Let me tell you a story to illustrate why: This morning I met with a fairly new coaching client who can best be described as a “wannabe” serial entrepreneur. (Yes, he said it’s okay for me to share this story as long as I don’t mention any identifiable facts).

As of this morning, he is running 4 businesses – one is about 5 years old, one is two years old, and the remaining two are less than a year old. He had asked me to work with him because these businesses were sputtering along and not gaining the traction he had hoped.

Our meeting went like this: I asked him to tell me about the businesses he had going. This wasn’t our first meeting so I wasn’t looking for the basics, but rather what activities he had been doing on each one. He got part way through describing his first business when he paused and then launched into another idea he had. He spent quite some time talking about this brand new idea and the effort he had gone into researching and what his plans were to do further research. Slowly, I drew him back to talk about his current businesses but he kept revisiting that idea.

As we went through the various “assignments” I had given him in our last coaching session, it became apparent that he hadn’t done any of the work we had determined that he needed to do to make his first four businesses successful. Instead, he had spent his time managing people and doing a lot of delegatable tasks and thinking about this fifth business. Worse yet, even he admitted that in this most recent idea, he had a hard time seeing how it could be profitable, and yet here he was pursuing it instead of working on the four businesses that were already running and were weakly profitable.

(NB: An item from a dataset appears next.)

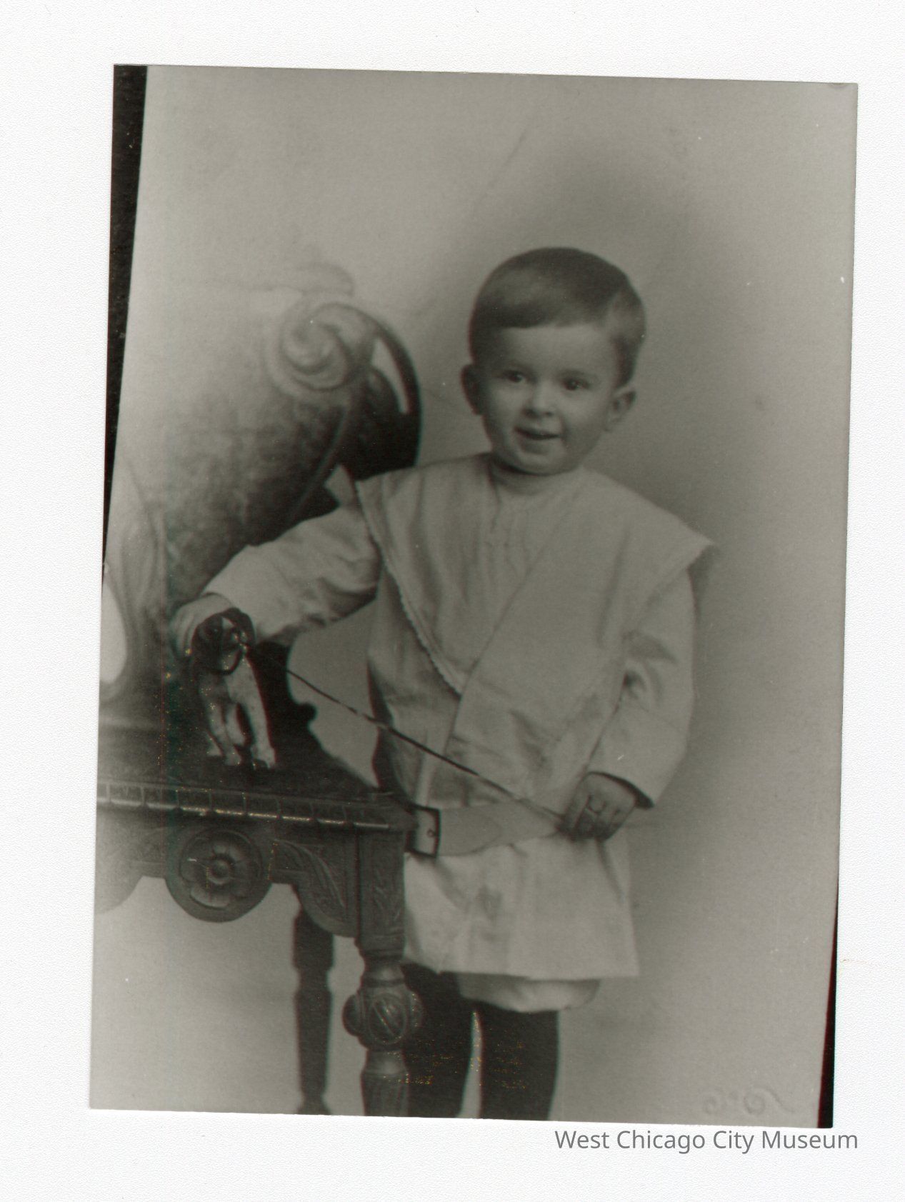 Black and white photo of young boy in all white holding leash of toy dog in one hand and other hand is resting on top of toy dog that's on a chair.

So, to tie this back to that business maxim I mentioned earlier, it might be true that “what can be measured can be managed”, but I’d suggest that “what can be measured and matters can be managed” is better.

Entrepreneurs love new, thrilling challenges and the feeling of starting things is exciting. However, the things you measure in your business should not be related to how much activity you’re putting into the business or how full your schedule is, but rather it should be related to how you define success. In my client’s case, he was defining success as having a handful of profitable businesses that would secure his future. Unfortunately, he wasn’t working toward that measurement.